Beschwerden, die bei der Internet-Beschwerdestelle eingehen, werden zunächst einer umfassenden juristischen Prüfung unterzogen. Verstößt der gemeldete Inhalt gegen die einschlägigen Jugendmedienschutz- oder Strafgesetze, wird der Inhalte-Anbieter direkt aufgefordert, den Inhalt zu ändern. Auch die Host-Provider können direkt kontaktiert werden, damit sie die illegalen Inhalte entfernen. "Diese reagieren dann in den meisten Fällen innerhalb weniger Stunden, bis die betreffenden Internetseiten gelöscht sind. Durch die internationale Vernetzung und den direkten Kontakt zu den Providern haben wir oft schnelle Erfolge", sagt Koch, die auf eco-Seite die Internet-Beschwerdestelle leitet.
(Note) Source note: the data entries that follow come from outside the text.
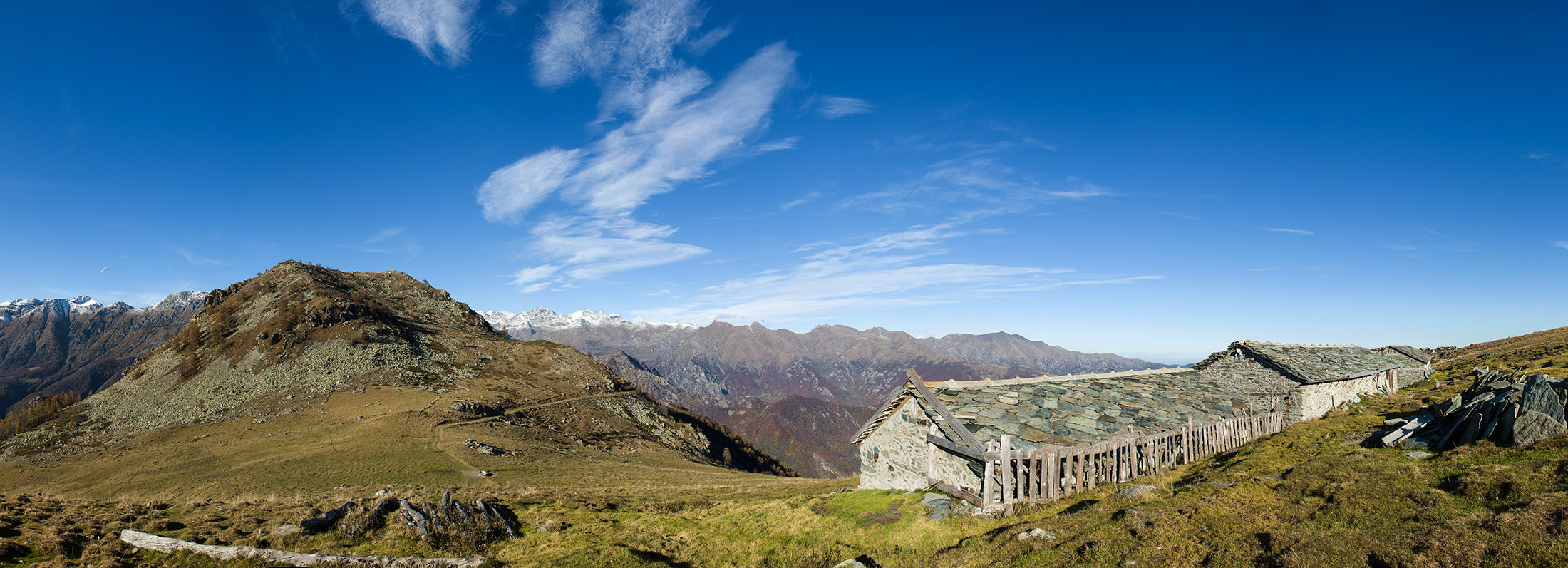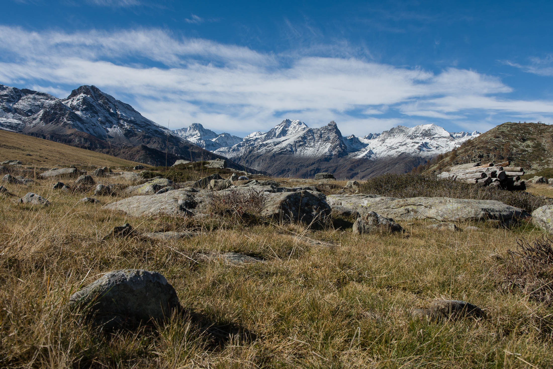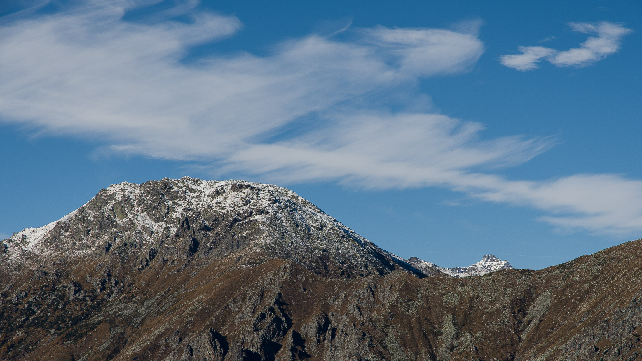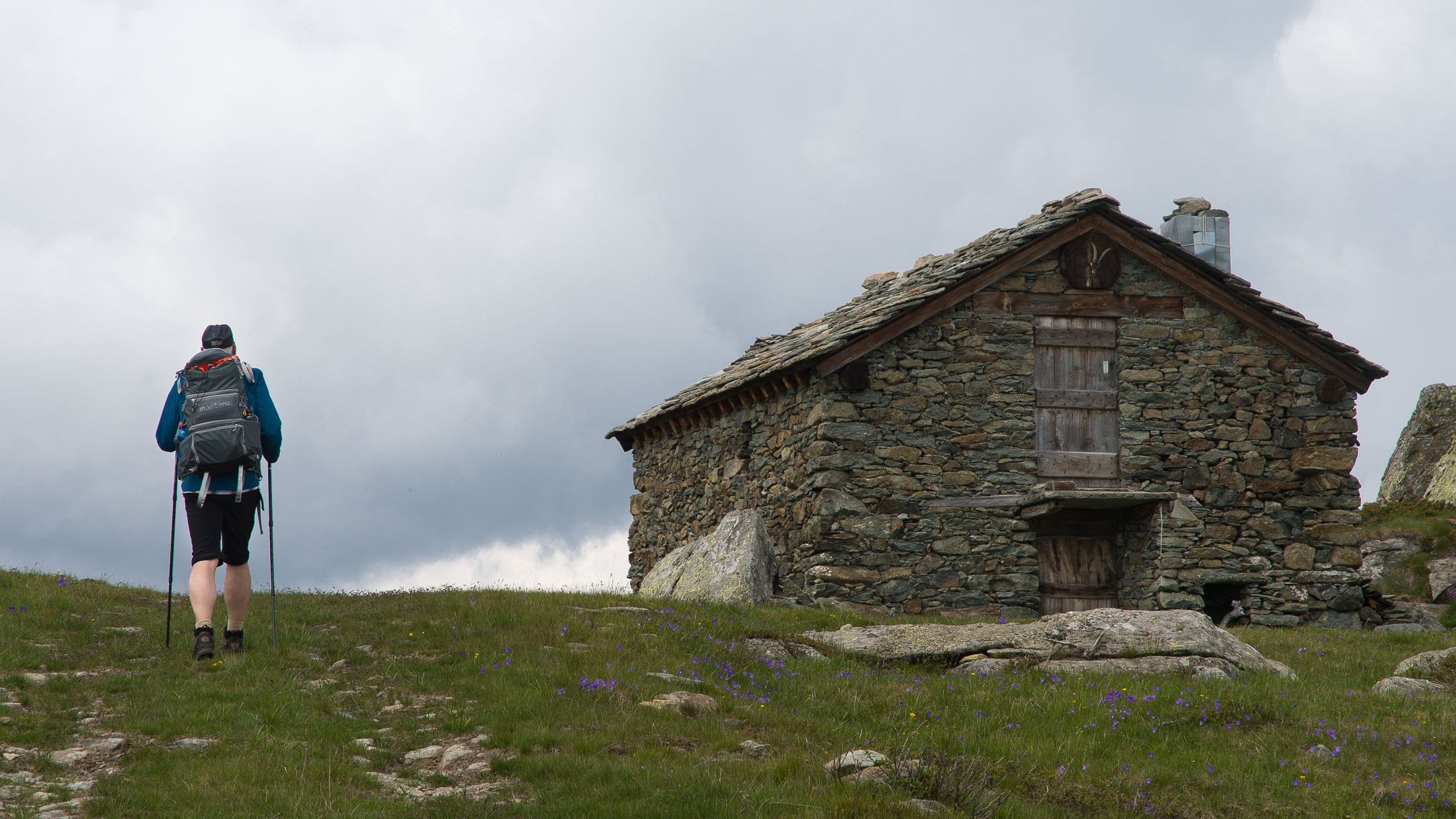 Bis zum Gipfel der Testa Paian, der breite Bergrücken unmittelbar südlich der Alpe del Conte, ist es nun nicht mehr weit. Jenseits der Alpgebäude mit den grossen Ställen geht es zunächst bergab, nach wenigen Metern mündet der breite Weg in eine unbefestigte Alpstrasse, der man rechts folgt. Kurz darauf geht man links über eine Weide (Wegweiser), nach einem 20-minütigen steilen Schlussanstieg steht man auf dem flachen Gipfelplateau der Testa Paian (1856 m). Das Panorama von diesem weltabgeschiedenen Ort ist umfassend und eindrücklich. Im Westen präsentiert sich, zum Greifen nah, die Gipfelkulisse des Val d‘Ala, das mittlere der drei Lanzo-Täler, Bessanese (3604 m), Uja di Ciamarella (3677 m) und Uja di Mondrone (2964 m) sind hier die markantesten Erhebungen. Im Norden zeigt sich der Gran Paradiso (4061 m), im Süden der lange Grat von der Rocca Moross (2135 m) bis zum Monte Ciriunda (2244 m), Richtung Osten blickt man ins Bassa Valle und auf die dahinterliegende Tiefebene.
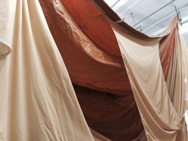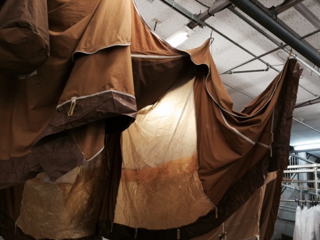 職人によるテント・タープのシワ伸ばし72
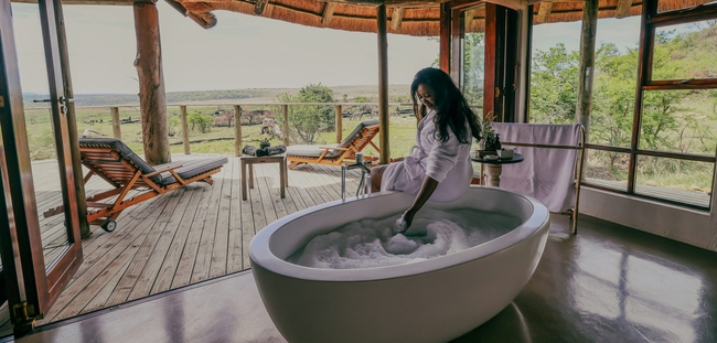 The lodge’s rooms reflect the open expanse of the surrounding plains, with interiors thoughtfully designed to harmonize with nature. Each suite features floor-to-ceiling sliding doors, offering uninterrupted panoramic views and the unique experience of bathing amidst the bush.
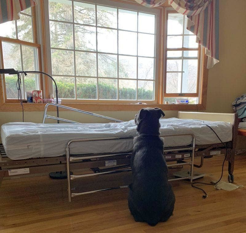 Настоящий шквал эмоций пользователей Facebook вызвало фото, на котором запечатлен грустный трехлетний пес по кличке Лосяш, сидящий возле пустой больничной койки.
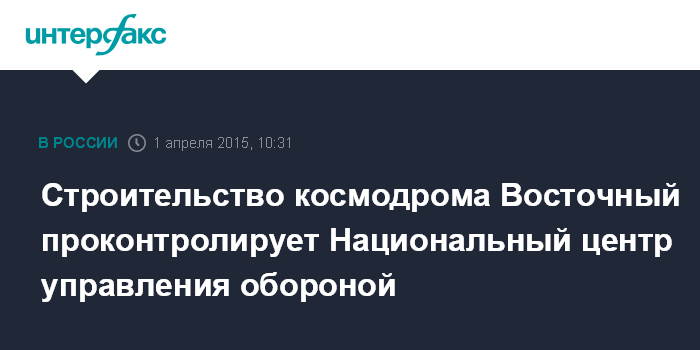 Москва. 1 апреля. INTERFAX.RU - Национальный центр управления обороной РФ займется контролем хода работ на строительстве космодрома Восточный (Амурская область), заявил в среду на совещании по строительству космодрома Восточный вице-премьер Дмитрий Рогозин.
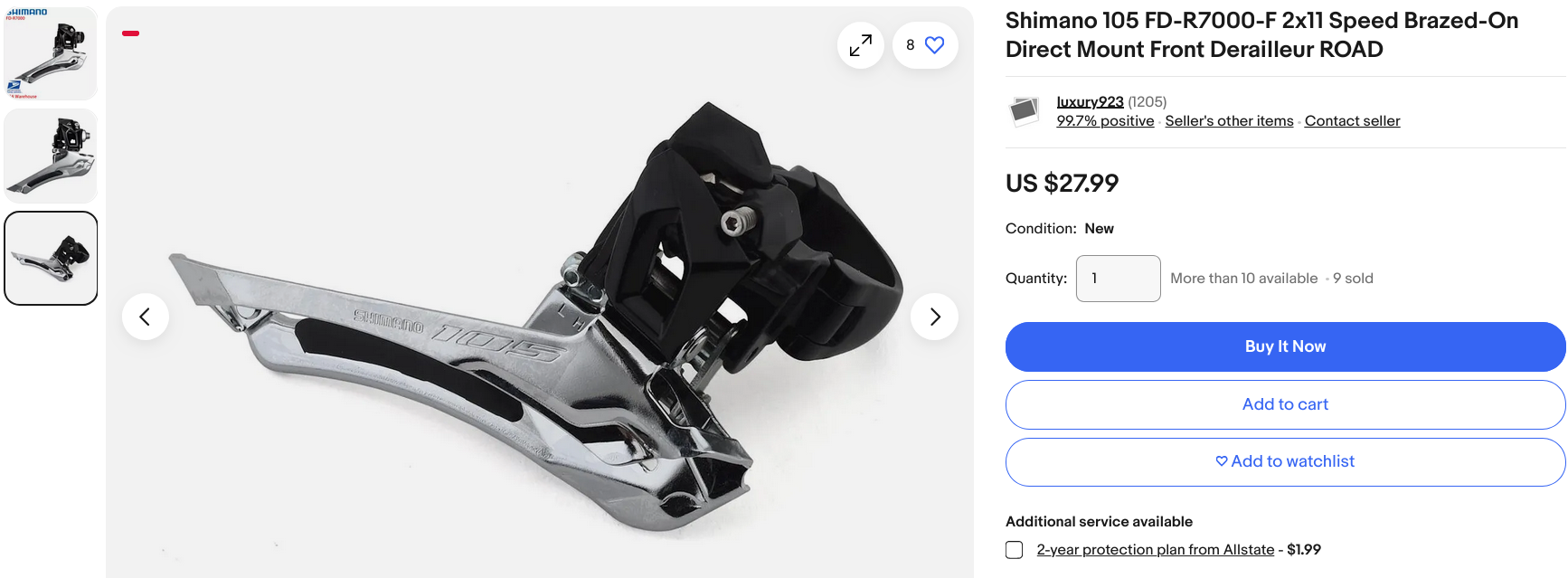 Image URL https://www.ebay.com/itm/386887587102 Vendor Ebay Parts Shimano 105 R7000 Front Derailleur Part variations Shimano 105 R7000 Front Derailleur FD-R7000-F Braze on Price $27.99 Listing status Available Listing type Buy it now Shipping type Free Listing grade New Listing condition New
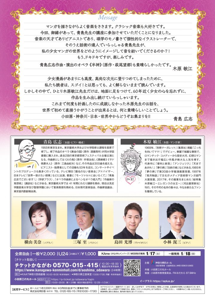 | 演目 | ●木原敏江&青島広志 ~木原敏江の源泉~ |
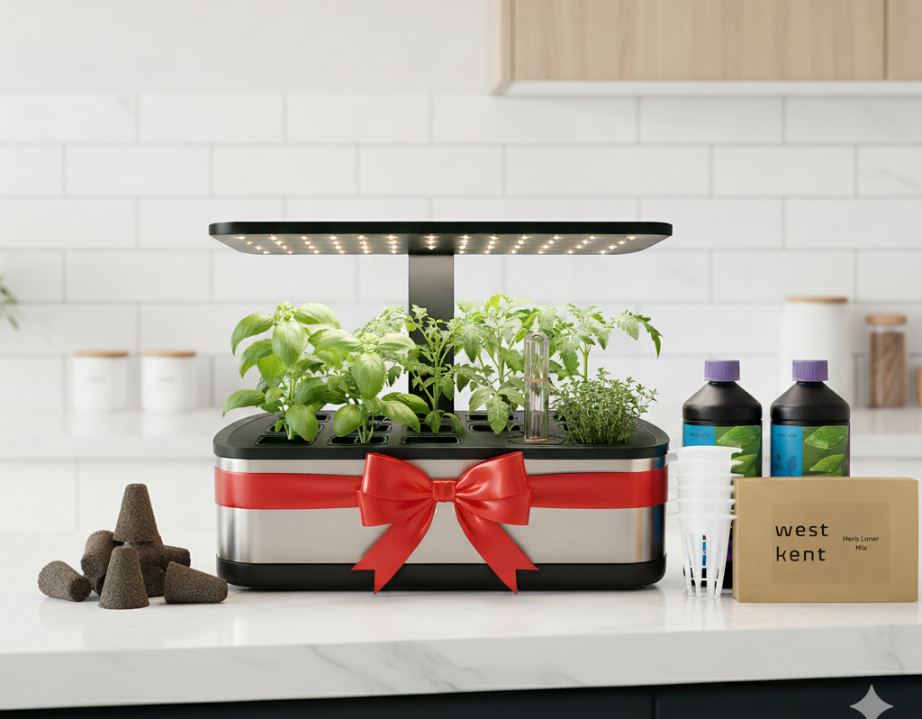 Designed for simplicity and ease, the West Kent 12 pod Smart Garden is a modern hydroponic garden without the complications of apps or Wi-Fi. Just switch on and grow. With its intuitive controls and durable body, this system is perfect for beginners and those who prefer a hands-on approach.
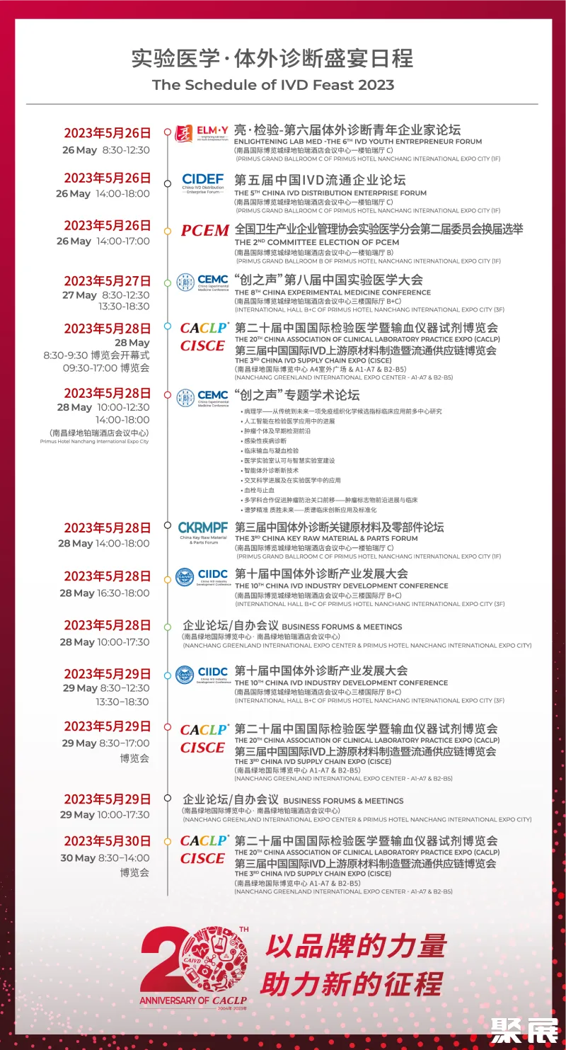 实验医学·体外诊断盛宴与你共精彩除了CACLP这一人气爆棚的旗帜性体外诊断盛会。第八届“创之声”中国实验医学大会(CEMC)暨病理、检验、认证、质量管理、微生物、输血、质谱、肿瘤筛查、分子诊断等专题学术论坛。第十届中国体外诊断产业发展大会(CIIDC)暨亮·检验-第六届体外诊断青年企业家论坛(ELM·Y)、第五届中国IVD流通企业论坛(CIDEF)、第三届中国体外诊断关键原材料及零部件论坛(CKRMPF)以及百余场企业论坛/自办会议等也将于5月26日-30日同期举行。

In gravierenden Fällen kann die anonymisierte Beschwerde auch direkt an die Strafverfolgungsbehörden weitergegeben werden. Sabine Frank, Geschäftsführerin der FSM ergänzt: "Jede Meldung kann helfen, strafbare Inhalte im Netz zu finden oder sogar die Täter zu fassen. Wir nehmen die stetig steigende Anzahl an eingehenden Beschwerden als Auftrag, um auch weiterhin gezielt gegen jugendgefährdende Inhalte in Telemedien vorzugehen."

Die Internet-Beschwerdestelle ist im internationalen Beschwerdestellen-Netzwerk INHOPE organisiert und leitet Beschwerden, die im Ausland gehostete Inhalte betreffen, an die entsprechende Partner-Hotline weiter. Zusätzlich werden strafbare Inhalte zur Anzeige gebracht und in Fällen von Kinderpornografie das Bundeskriminalamt informiert.